No doubt. Troubleshooting microservices in the middle of the night with traditional APM solutions seems like solving a murder mystery because:

There is no guarantee that you will see anomalous traces as you begin troubleshooting due to the random sampling of APM solution
There is no end-to-end distributed system view showing all the services and their interdependencies, or any correlation with highly ephemeral and dynamic infrastructure environments
There is no guided troubleshooting, which forces you to manually examine individual traces and find common patterns which may be causing the system-wide performance issue
There is no way to know what constitutes normal performance behavior based on historical trends

In this blog, we will lay out how SignalFx Microservices APM addresses these gaps with a unique set of capabilities and features:

NoSample™ Architecture

Traditional APM vendors and open-source solutions only capture a small and arbitrary portion of your transactions via probabilistic sampling, leaving you blind to actual issues. To quote one of our customers: “Sampling is the elephant in the war room!”

We tackled one of the biggest shortcomings of traditional APM with a unique approach to sampling trace data. SignalFx Microservices APM is built on a unique architecture that we refer to as NoSample™. Unlike other APM tools, SignalFx analyzes 100% of transactions throughout your distributed services and intelligently captures errors, anomalies, and outliers. This approach — also known as ‘tail-based sampling’ — is implemented via the SignalFx Smart Gateway, a highly scalable and intelligent relay that lives in the customers’ environment.

The chart below shows the stark difference between the head-based sampling strategy used by most of the APM vendors and the SignalFx NoSample Architecture approach. SignalFx NoSample approach captures all outliers so that you don’t miss crucial trace data when you are troubleshooting a performance issue.
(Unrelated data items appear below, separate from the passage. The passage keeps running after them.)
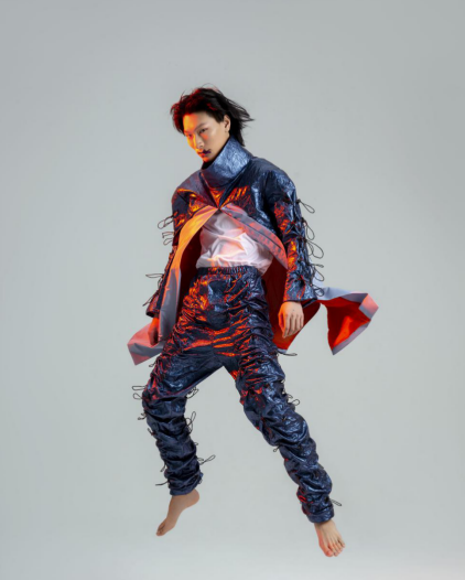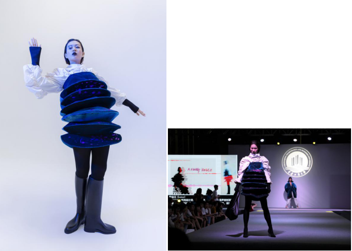 灵感源于声音,当我开始记录声音时发现声音背后丰富的故事,对此进行一系列的调研与实验,设计表达手法以立体结构和褶皱为主,运用烫金手法修饰色彩。采用创新廓形、色调变化丰富的复合丝绒面料辅以功能性涂层面料来凸显其未来感。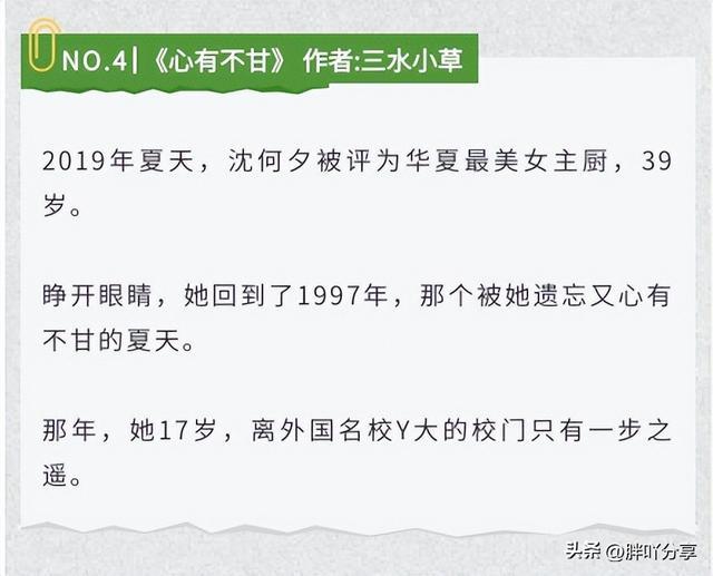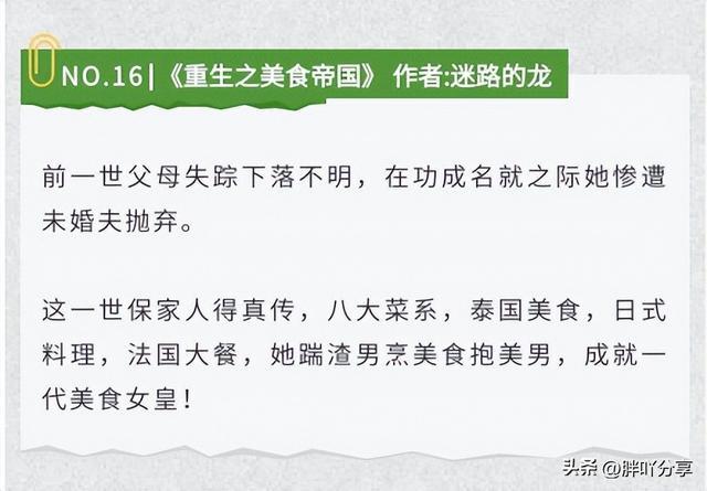 无CP重生美食励志文。顶级女厨师重生回17岁,弥补遗憾,阻止家庭悲剧,并与自己厌恶的厨艺和解。章节以菜名命名,从饺子到老汤,从中餐到西餐,描写专业细致,画面感极强。内核是关于梦想、家庭与自我和解的深刻故事。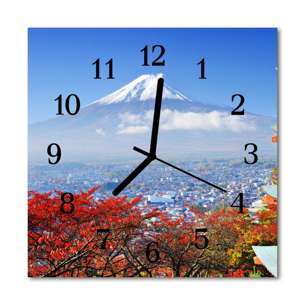 Ceas de perete din sticla pătrat Peisaj montan multicolor 30x30 cm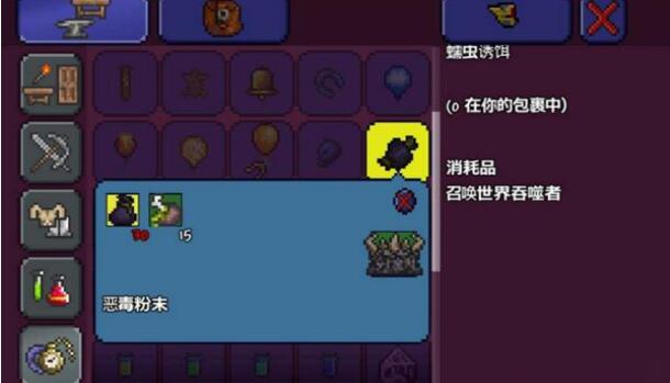 4、在腐化之地找到蘑菇在炼金台炼制30个恶毒粉末,然后将15块腐肉与恶魔粉末在恶魔祭坛合成蠕虫诱饵,接着就可以在腐蚀之地召唤世界吞噬者了。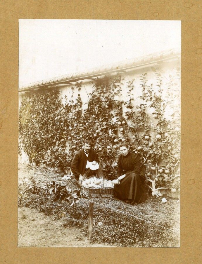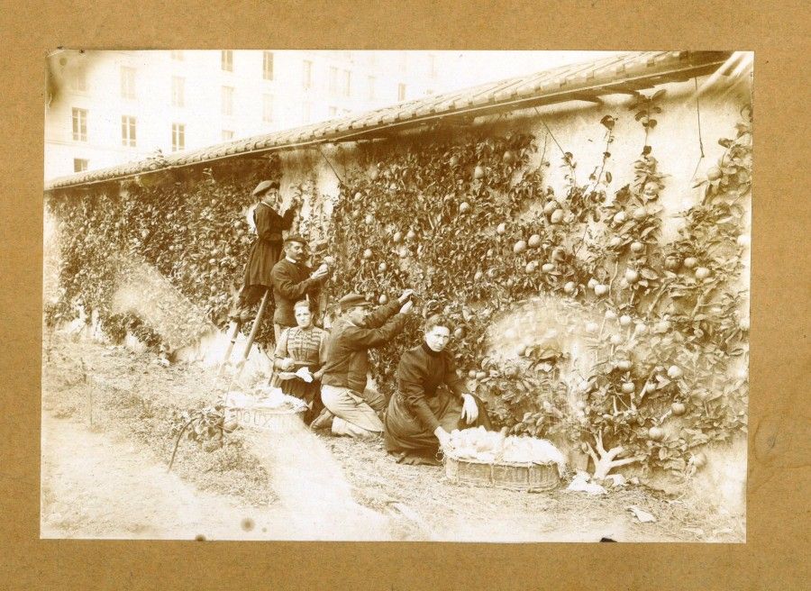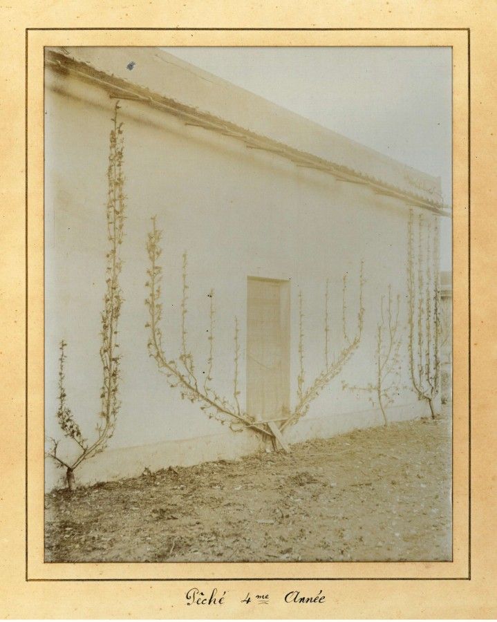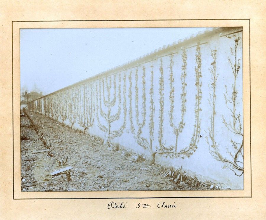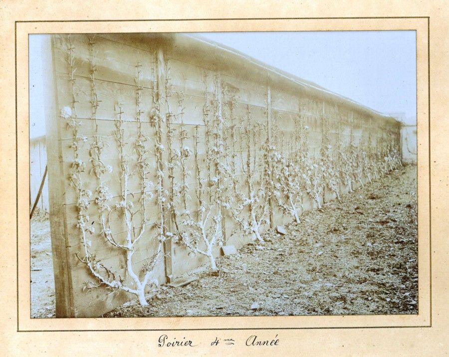 Les photos montrent des variétés de poiriers, pêchers et pommiers, plantés en espaliers et contre-espaliers. L'espalier est la forme verticale et plate de l'arbre obtenue grâce à une taille savante et qui pousse le long d'un mur. La plantation en contre-espalier n'a pas de mur tuteur.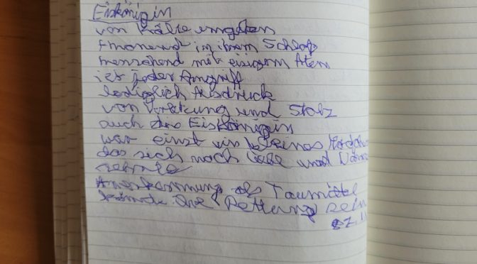 Darum schrieb ich nicht. Und das war echter Entzug für mich. Ich las ganz viel, doch untersagte mir das Darüber-Nachdenken. Denn meine Gedanken dazu aufschreiben war für mich nicht realisierbar. Hatte mich mental lange auf die Wochen „danach“ eingestellt, mit allem würde ich klarkommen, aber nicht schreiben können: davor grauste mir. Gedanken nicht festhalten können als schnelle Zettelnotiz oder Eintrag in meiner Kladde: diese Vorstellung lähmte mich, aufgezwungene Schreibblockade der anderen Art 🙂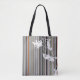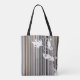 Grey Pinstripe and Floral Design Tote Bag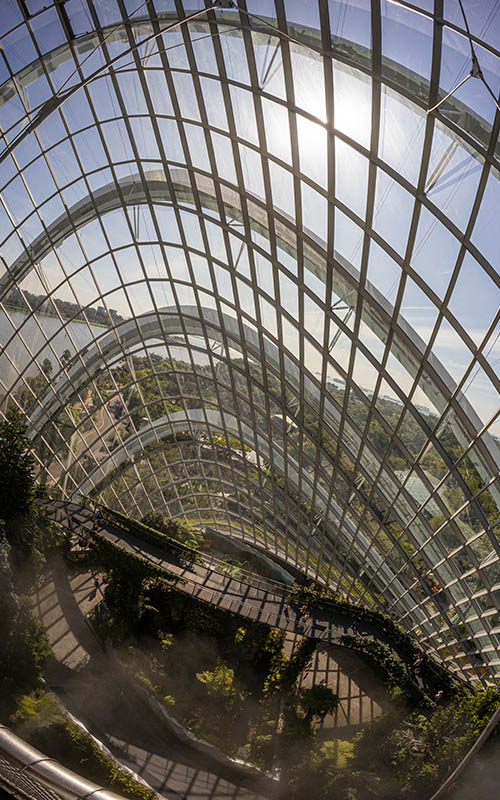 Anschließend ging es in den „Flower Dome“. Dieses Gewächshaus ist in 9 verschiedene Gärten unterteilt, die die weltweite Pflanzenvielfalt beinhalten. So kann man von Wüstenpflanzen, wie Kakteen und Sukkulenten, zu riesigen Baobab Bäumen, bunten Blumenbeeten, wie wir sie von zuhause kennen und durch mediterrane Olivenhaine laufen. Hier ist für jeden etwas dabei. Alles wirkt sehr modern und super gepflegt. Dank der gigantischen Größe verteilen sich die Besucher sehr gut in den Gärten.
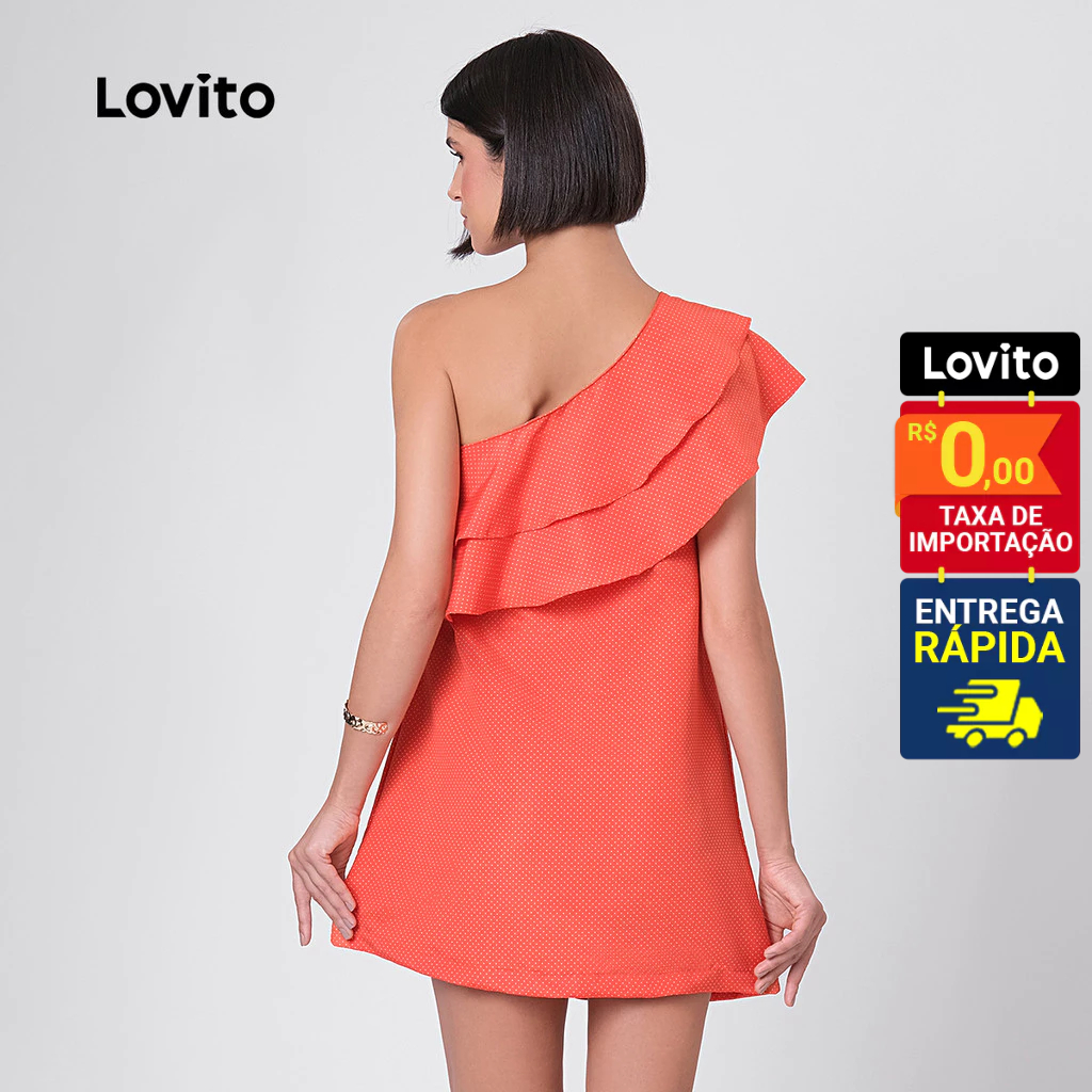 Lovito Vestido Viscose Feminino Curto Um Ombro Só Com Babados LB76BRL105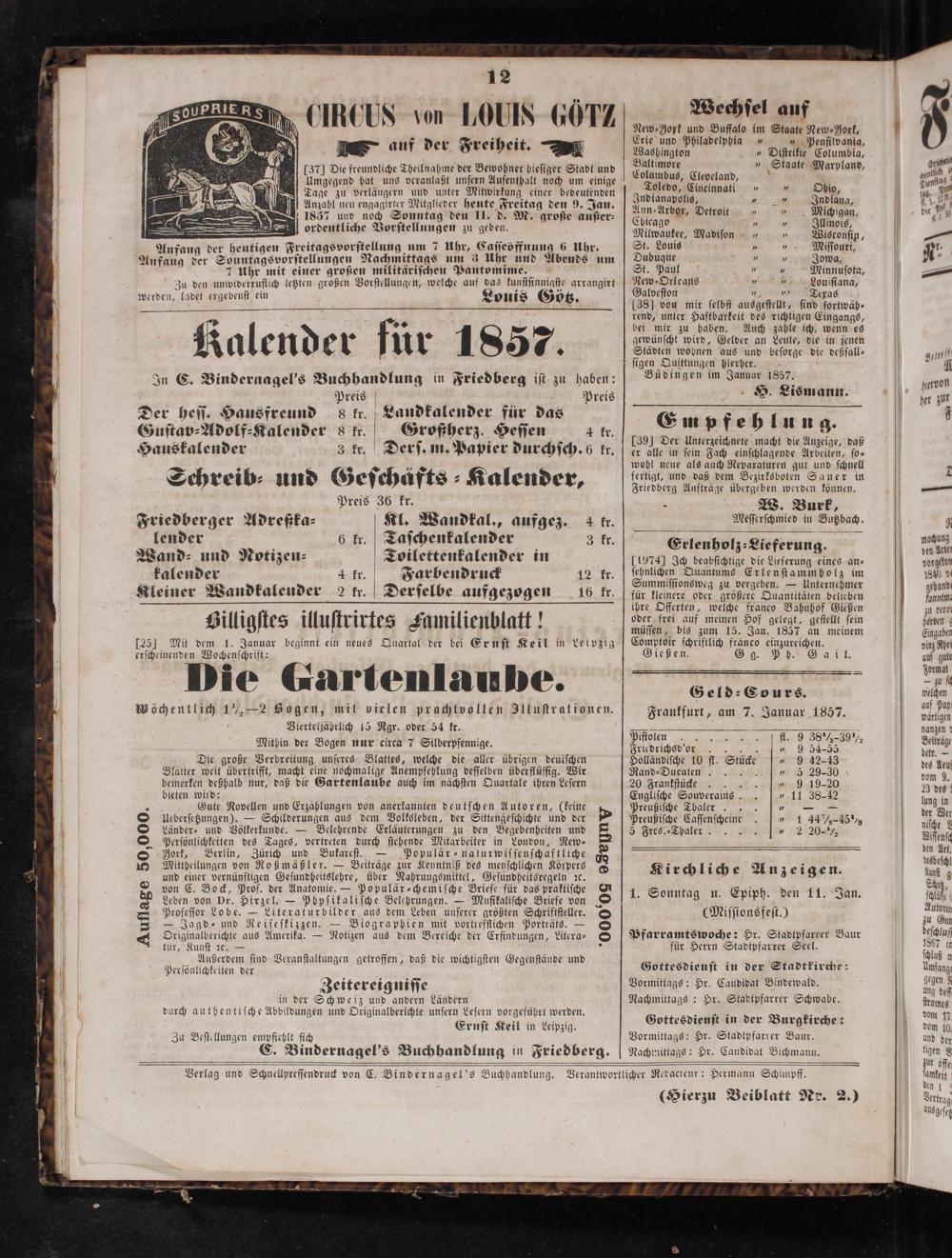 Friedberger Intelligenzblatt. 1854-1866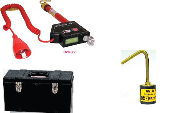 Specifications Sub Brand Hde Type Voltmeter Model Dvm-25T Voltage Rating 50V - 25Kv Accuracy Within 1% Of Reading +/- 3 Counts (Line-To-Ground Measurements) Display Lcd Indicates 3.5 Digits Operating Temperature -13°F To +131°F (–25°C To +55°C) Dimensions 5" W X 4.25" L X 1.38" H (13 Cm X 11 Cm X 3.5 Cm) Frequency Rating 25-1000Hz Ac/Dc Included Single Stick Voltmeter W/Capacitive Test Point Mode, 025-Olps-5 Overhead Brass Hook Probe, Cs-Dvm Case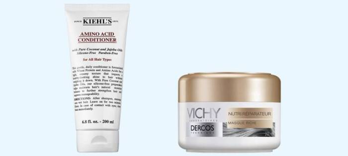 Интенсивная питательно-восстанавливающая маска для волос Derсos, Vichy, «достраивает» кератин вокруг стержня волоса за счет комплекса керамидов и коктейля из пяти аминокислот (аргинин, глутамин, серин, цистеин, пролин).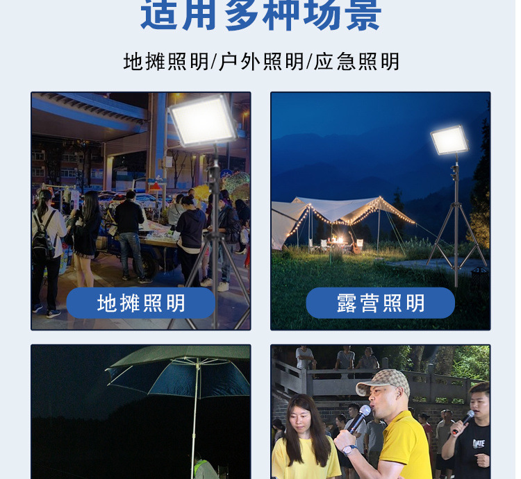 새로운 야간 시장 실속 LED 조명 충전식 모바일 야외 조명 강한 조명 브래킷 정전 비상 캠핑 조명
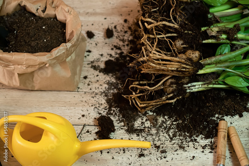 Woman gardener repotting zamiokulkas and haworthia striata flowers into new pot on wooden table, home garden concept, plant transplanting, home gardening, garden tools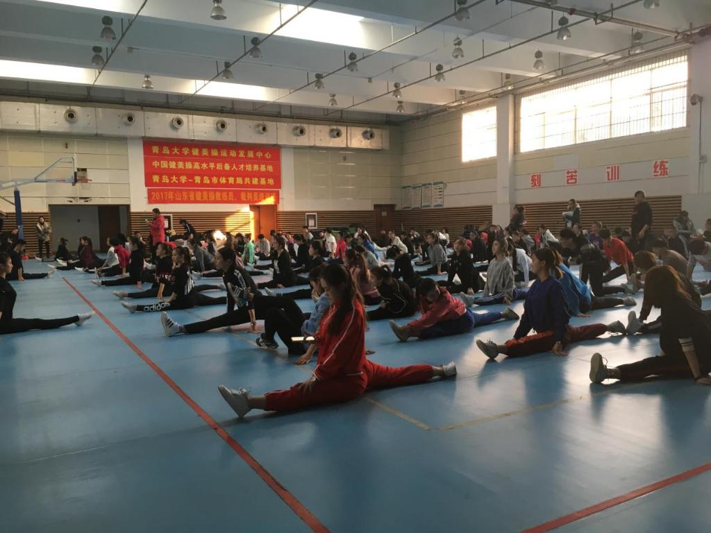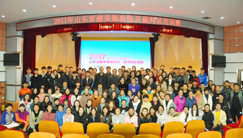 12月21日-12月24日2017年山东省健美操教练员、裁判员培训班在美丽的青岛大学举办。 本次培训班由山东省体操运动协会主办,青岛市健美操协会、青岛大学健美操运动发展中心承办。山东省体操协会秘书长孙炳辉先生、青大学体育学院院长管泽毅先生以及青岛大学健美操发展中心主任、青岛市健美操协会主席张英女士出席了开班仪式。来自全省10个地市40多个单位的近140名优秀骨干力量参加了本次培训。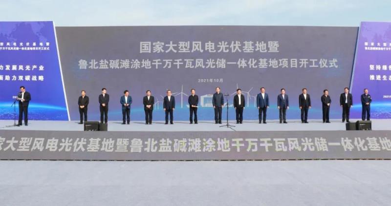 10月28日,國家大型風(fēng)電光伏基地暨魯北鹽堿灘涂地千萬千瓦風(fēng)光儲一體化基地,首批總裝機(jī)200萬千瓦集中式光伏發(fā)電項目開工儀式在濰坊舉行。

Our early testing with customers shows that visibility into anomalous and long-tail traces increases by 10x using a tail-based sampling approach.

Fig 1: Head-based sampling vs SignalFx NoSample Architecture approach

SignalFx NoSample Architecture assures that you will have the trace data when you need it the most to troubleshoot end-user issues.
Next, you need to narrow down to the right traces quickly to begin incident resolution.

End-to-End Observability in a Single Pane of Glass

Narrowing down whether a performance issue is caused by infrastructure or application code can like looking for needles in a haystack. Traditional APM tools require you to manually correlate performance issues across different layers of the application stack — resulting in higher MTTR, siloed troubleshooting, war room scenarios, and finger-pointing.

Fig 2: Service and Endpoint dashboard with infrastructure correlation

SignalFx Microservices APM provides an intuitive, end-to-end service map to quickly isolate the service which is causing the latency spike. You get pre-built dashboards for every service and all endpoints. Built-in infrastructure correlation helps immediately identify the root cause of a performance issue and engage the right team for resolution.

“SignalFx acts as a single source of truth for our teams. Service dashboards reduce our mean time to engage as they quickly narrow down the performance issue to code or infrastructure and help us engage the relevant team quickly”

Senior DevOps Manager, Manufacturing Design SaaS Firm

Directed Troubleshooting with SignalFx Outlier Analyzer™

Tagging metrics and traces with dimensional key-value pairs and labels is a common practice in modern monitoring systems.. However, as the number of dimensions grows, traditional APM solutions struggle to search and filter data without incurring performance penalties.

SignalFx provides a multi-dimensional data model and the industry’s best high-cardinality analytics capabilities, giving you the infinite flexibility to slice and dice trace data and quickly isolate relevant traces and spans.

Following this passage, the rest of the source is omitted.